27 Mar 2025

Eight years ago, people were amazed by the first high-resolution glimpse into the core of tau fibrils extracted from the brain of a person who had had Alzheimer’s disease. Since those iconic back-to-back C-shaped structures came into view, scientists have uncovered numerous other tau contortions underlying various tauopathies. By 2021, there were enough published structures to draw a phylogenetic tree of sorts, linking distinct tau twists to different diseases (Oct 2021 news).
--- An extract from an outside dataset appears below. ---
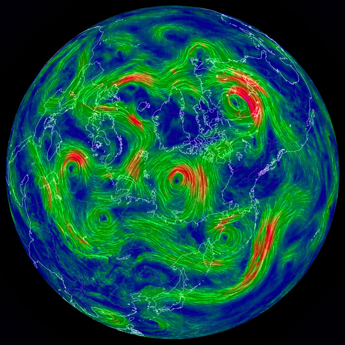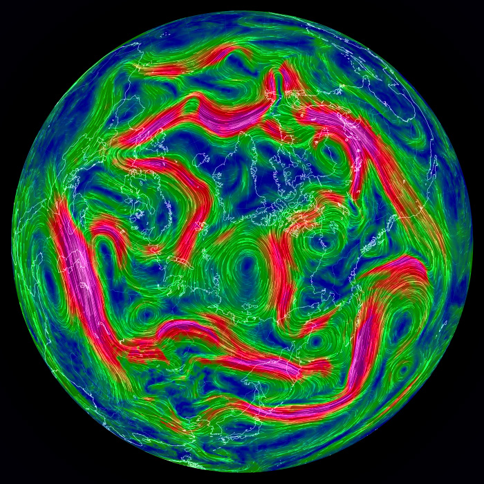右列の天気図は,earth.nullschool.net から。

Four years later, it is time for an update. Michel Goedert and Sjors Scheres of the MRC Laboratory of Molecular Biology, Cambridge, England, U.K., who led most of the structural studies, expand on some branches and add an entirely new one to the tau family tree. These additions are based on structures that Scheres, Goedert, and other scientists have recently solved. For example, they discovered tau filaments striking the AD-tau pose in brain samples from people with FTD caused by V337M and R406W tau mutations, while carriers of P301L or P301T mutations harbored two entirely new folds. Moreover, three rare conditions—subacute sclerosing panencephalitis, amyotrophic lateral sclerosis/Parkinsonism-Dementia Complex, and vacuolar tauopathy—were found to share a fold with chronic traumatic encephalopathy. The classification scheme blurs lines between tau filament structures and diseases. Marc Diamond, University of Texas Southwestern Medical Center in Dallas, thinks the updated tree is helpful in considering what might be common origins of different tauopathies.
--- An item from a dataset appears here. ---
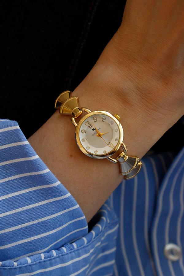 Accueil Vêtements et Style Montre-bracelet Blade en acier inoxydable, boîtier rond en métal doré_x000D_

The most recent additions came on March 5, when, in Nature Structural and Molecular Biology, Scheres, Goedert, and colleagues reported the V337M-tau and R406W-tau core structures were a spot-on match with the one first found in AD back in 2017, and then later in familial British dementia (FBD), familial Danish dementia (FDD), and primary age-related tauopathy (PART) (Jul 2017 news; Shi et al., 2021). Using cryo-EM, first author Chao Qi and colleagues mapped paired helical filaments (PHFs) in three V337M-tau cases that were nearly identical to those in AD, as well as AD-like straight filaments (SFs) in one these cases. In another of them, they found an additional, and previously unknown, triple filament, featuring a core with three tau molecules, each folding into a J-like configuration resembling that taken by said straight filaments (image below). Separately, in two R406W carriers, the scientists resolved AD-like PHFs, but no straight or triple filaments.

C-ing Double. In the frontal cortex of a V337M-tau mutation carrier with FTD, the core structure of paired helical filaments (left) and straight filaments (middle) matched those of AD-tau, while a triple-filament configuration was new (right). [Courtesy of Qi et al., Nature Structural and Molecular Biology, 2025.]
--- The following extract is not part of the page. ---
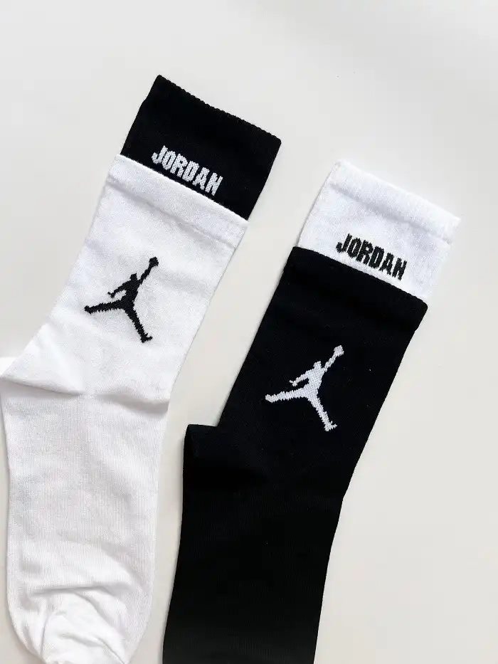 جوراب ساق بلند اسپرت دو کش جردن از جنس نخ پنبه، موجود در 2 رنگ کاربردی مشکی و سفید، مناسب برای سایز 36 تا 42، قابل استفاده برای خانم ها و آقایان.

The findings placed V337M/R406W-tau cases alongside AD, PART, FBD, and FDD in the top branch of the tauopathy tree (image above). Gerstmann-Sträussler-Scheinker disease and prion protein cerebral amyloid angiopathy add two more diseases to this branch. They are caused by different mutations in the prion protein gene and lead to the deposition of prion protein amyloid in the brain parenchyma (GSS) or the vascular compartment (PrP-CAA). Tau inclusions can also feature in both diseases, and in 2021, scientists led by Bernardino Ghetti of Indiana University School of Medicine in Indianapolis reported that tau filaments in both conditions assumed the AD-tau fold (Hallinan et al., 2021).

The AD-tau branch wasn’t the only one to sprout new offshoots. The related CTE-fold, which also features back-to-back Cs, woven of 3R- and 4R-tau as in AD, also got some company. In the first of three studies led by Scheres and Goedert, the CTE fold was found in cases of subacute sclerosing panencephalitis. SSPE is a rare inflammatory condition that can arise in the wake of measles infection (Qi et al., 2023). Months later, they reported the fold in 11 cases of amyotrophic lateral sclerosis/parkinsonism-dementia complex (ALS/PDC), a fatal neurodegenerative disease of unknown cause, which is found on the island of Guam and on the Kii peninsula of Japan (Qi et al., 2023). It emerged again, when scientists in Japan, along with Scheres and Goedert, investigated a case of vacuolar tauopathy (VT) caused by the D395G mutation in valosin-containing protein (Qi et al., 2024).

In Pick’s disease, a form of frontotemporal dementia cause by a 3R-tauopathy, Scheres and Goedert previously reported that tau twists into an open, J-like configuration (Aug 2018 news). While this fold remains limited to Pick’s, a recent study led by Ghetti and Kathy Newell also at Indiana University, along with Scheres and Goedert, found the fold in two siblings with FTD who carried the DK281 mutation in tau. This allowed them to peg this mutation as a cause of Pick’s (Schweighauser et al., 2023).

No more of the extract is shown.